Apparently he damaged the belt during loading and the bullet slid out the barrel as he was walking away with the muzzle down.
The next season he was amazed at the miraculous groups provided by using sabots in the same firearm.


----------



## 7Mag Hunter (Sep 21, 2012)

I got some in 50cal , 250 gr from a Woodies member and shot 
them this last weekend....Fairly easy to load and good accuracy.
Did not lead the barrel ether......
I like the fact you do not use sabots with them.....
Still testing in my new in-line ....
45 cal lead and jacketed bullets with sabots in 230gr, 250gr, 300gr 
and some killer 300gr HP cast from anothet Woodies member..
and 50 cal R.E.A.L in 250gr.....
Likely will use the R.E.A.L 50cal or the 45cal cast HP/sabot to
hunt this year..


----------



## BriarPatch99 (Sep 21, 2012)

I used to shoot them in a H&R Huntsman way back and come to think about it ...it was an in-line too.
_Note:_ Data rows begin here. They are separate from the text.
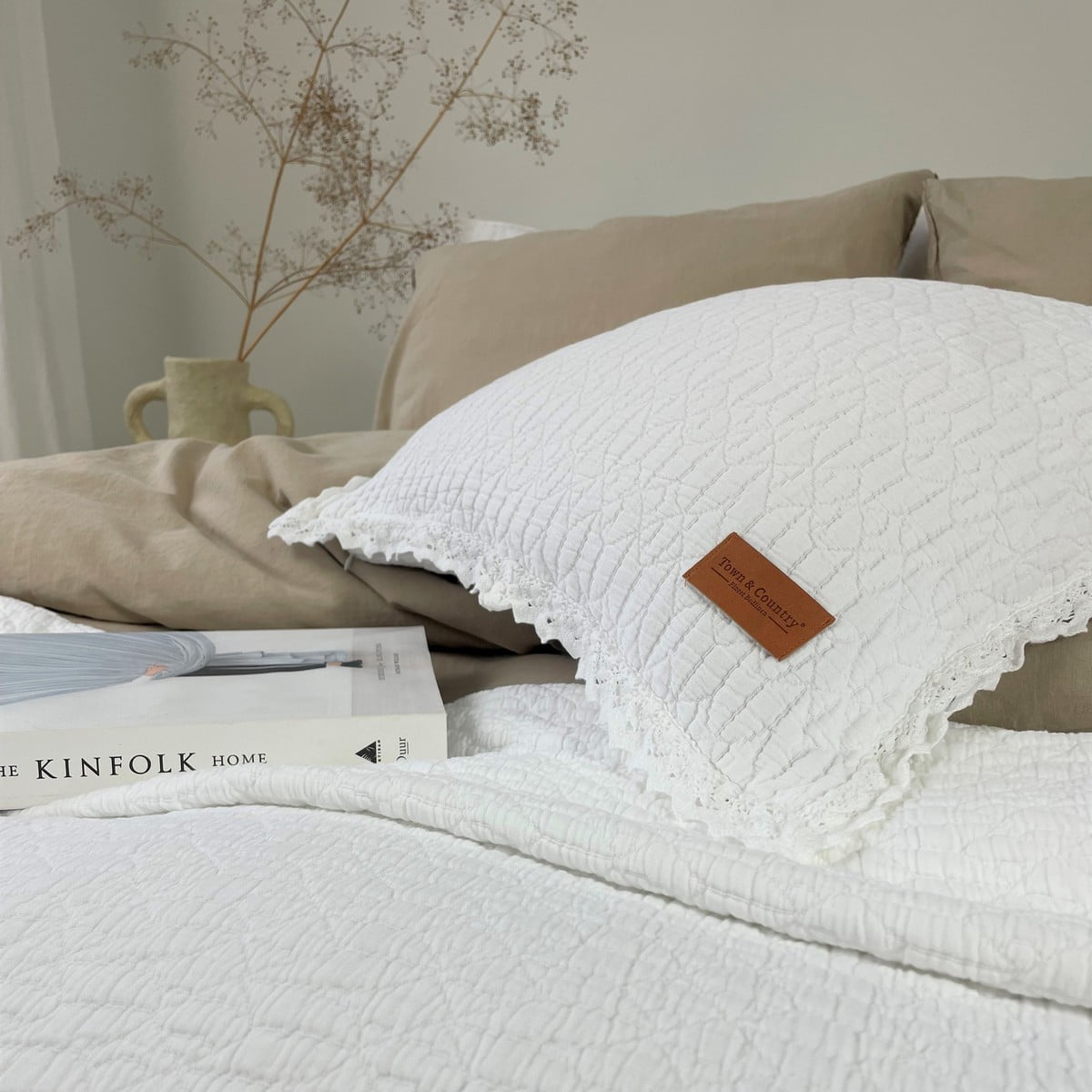 Een zeldzaam romantisch kussensloopje van Town and Country met een kantrandje, net als de sprei. Heb je je interieur in brocante of landelijke stijl, dan past dit romantische kussentje sowieso bij jou. Het witte kussentje is stijlvol te combineren in vele interieurs . Het materiaal is 100% katoen, mooie kleinschalige productie uit Portugal, zoals alles van Town & Country met aandacht en zorg gemaakt voor jou.
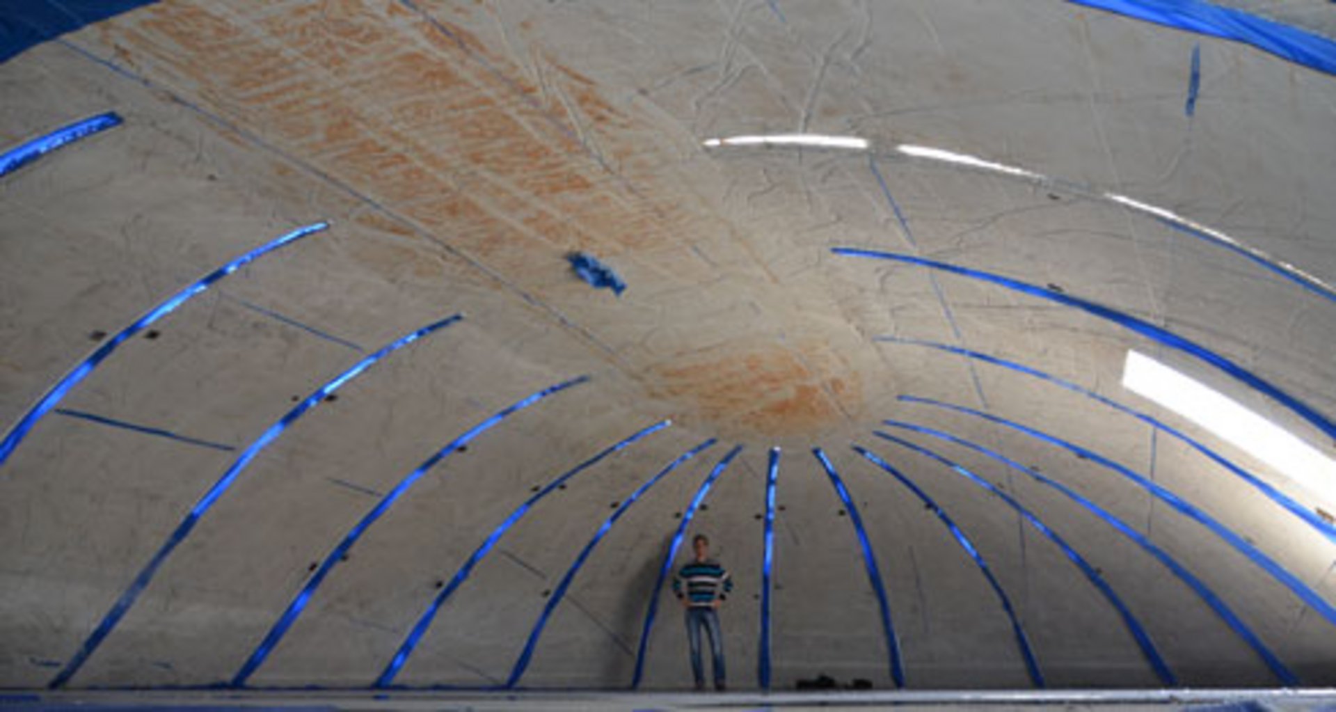 Während sich der Beton verbiegt, entstehen unzählige kleine Risse – doch für die Stabilität der Schale ist das kein Problem. „Man kennt das ja von alten Steinbögen“, erklärt Johann Kollegger. „Wenn die Form stimmt hält jeder Stein den anderen fest und die Konstruktion hält.“ Am Ende wird das Bauwerk noch verputzt, danach hält es genauso großen Belastungen stand wie eine auf herkömmliche Weise errichtete Kuppel.
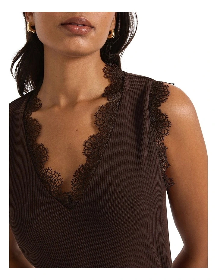 Sadie Lace Trim Tank in Gravel

For some reason nobody around here carries any .45 caliber but the TC Maxi ... I have got some older Hornady sabots and some 158 gr .357 XTP I am going to try too... one or the other should knock an old doe off...


----------



## gunner69 (Jan 16, 2013)

I shoot mostly Maxi's in my .45 T/C,  however your post had me thinking.   I haven't cast boolits in Years!   I was on the FS Lee site and went ahead and bought a combo R.E.A.L. / ball mold while there.   I should have it in next week and will then cast some myself.


----------